[DESCRIPTION OF THE TASK] Copy only the lines from the one with "今天是顺毛小黄,穿着蓝色衬衫、打着黄色领带,休闲又充满学生气。" through the end of the records, exactly as they stand. No pictures belong in the copy.

[DATASET ENTRIES]
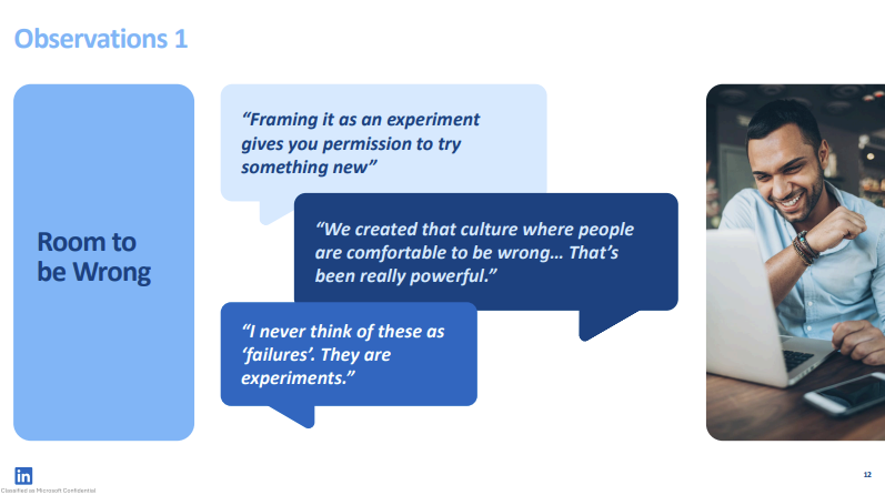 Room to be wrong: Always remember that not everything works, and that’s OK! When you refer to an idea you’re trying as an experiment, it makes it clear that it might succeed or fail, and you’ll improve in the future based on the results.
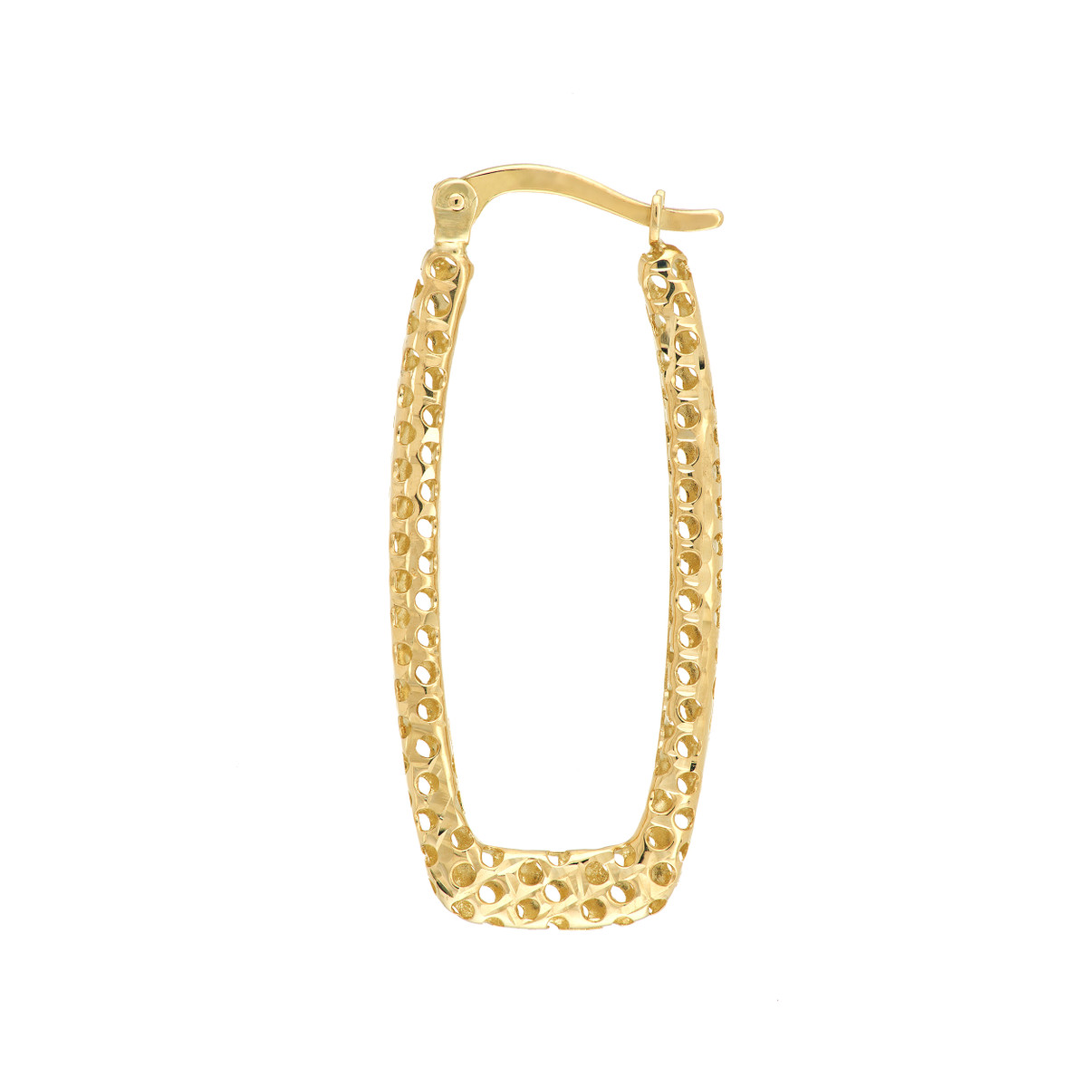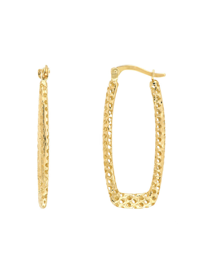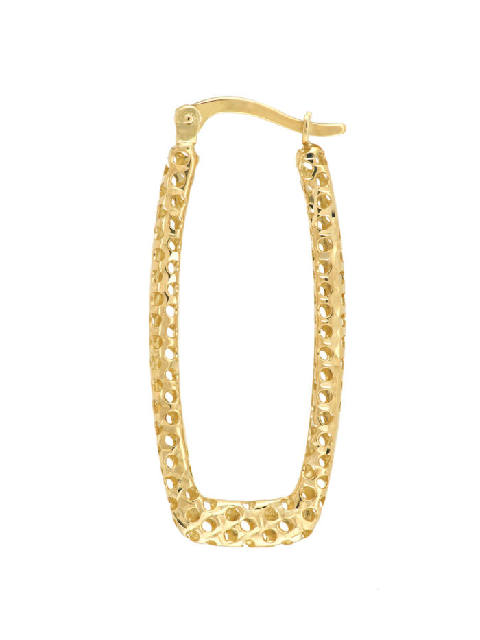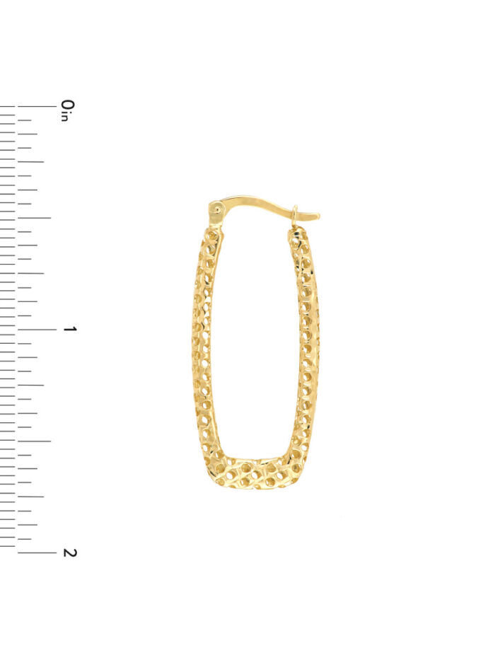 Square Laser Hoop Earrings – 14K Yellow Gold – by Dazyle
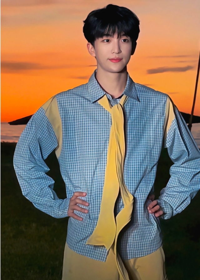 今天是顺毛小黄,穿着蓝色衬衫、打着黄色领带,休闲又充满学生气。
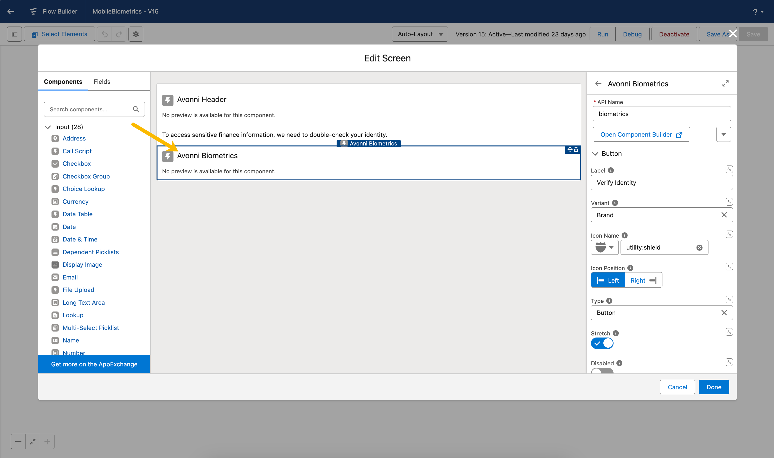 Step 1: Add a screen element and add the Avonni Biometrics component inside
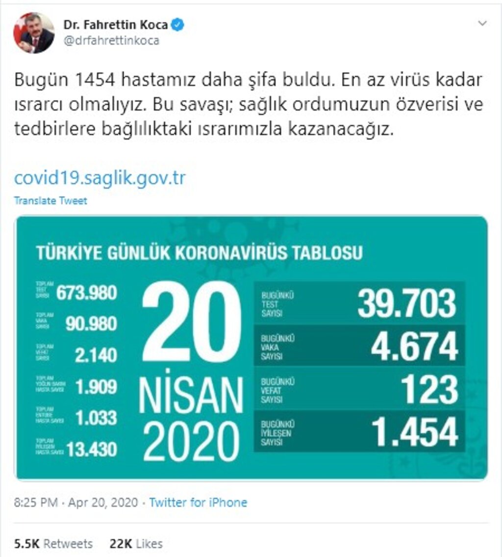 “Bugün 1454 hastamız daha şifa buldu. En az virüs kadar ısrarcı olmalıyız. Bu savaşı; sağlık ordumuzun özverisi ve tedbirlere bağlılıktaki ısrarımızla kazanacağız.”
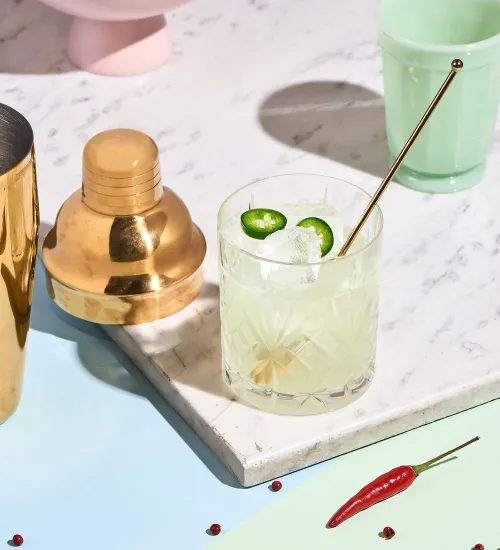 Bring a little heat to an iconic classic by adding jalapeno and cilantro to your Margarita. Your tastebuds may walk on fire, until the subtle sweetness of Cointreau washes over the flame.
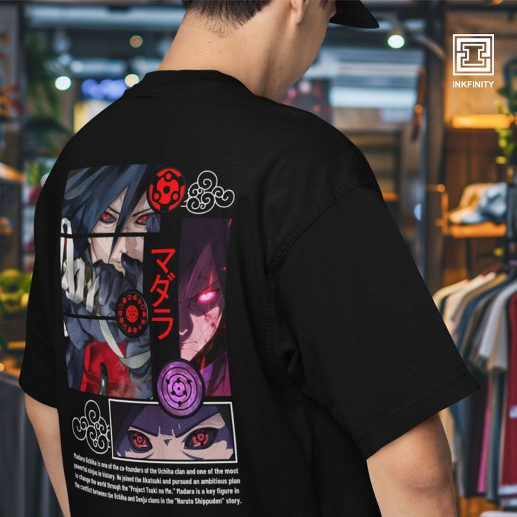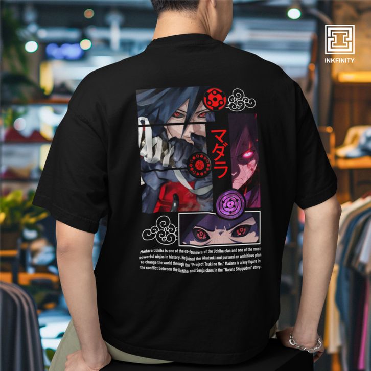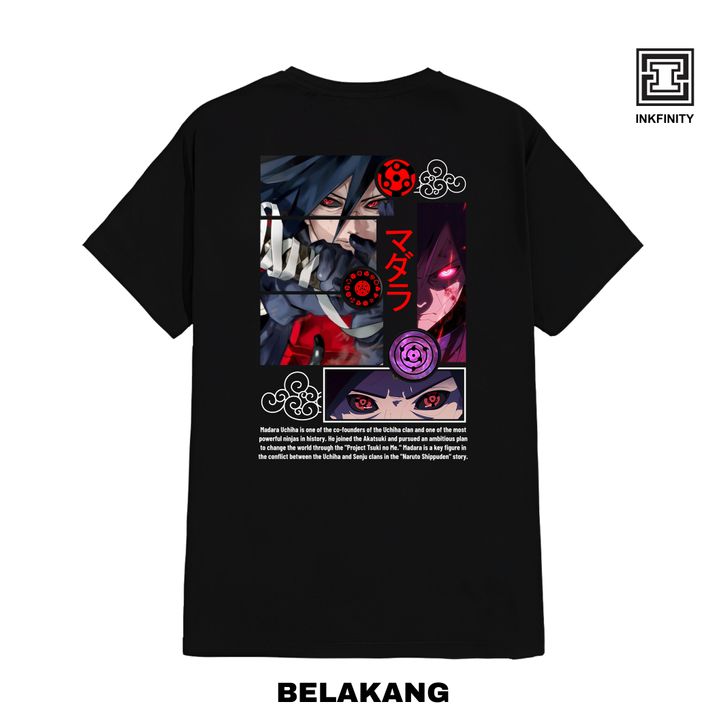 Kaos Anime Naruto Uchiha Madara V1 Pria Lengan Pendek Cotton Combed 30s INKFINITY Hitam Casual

[YOUR RESPONSE]
 今天是顺毛小黄,穿着蓝色衬衫、打着黄色领带,休闲又充满学生气。
 Step 1: Add a screen element and add the Avonni Biometrics component inside
 “Bugün 1454 hastamız daha şifa buldu. En az virüs kadar ısrarcı olmalıyız. Bu savaşı; sağlık ordumuzun özverisi ve tedbirlere bağlılıktaki ısrarımızla kazanacağız.”
 Bring a little heat to an iconic classic by adding jalapeno and cilantro to your Margarita. Your tastebuds may walk on fire, until the subtle sweetness of Cointreau washes over the flame.
 Kaos Anime Naruto Uchiha Madara V1 Pria Lengan Pendek Cotton Combed 30s INKFINITY Hitam Casual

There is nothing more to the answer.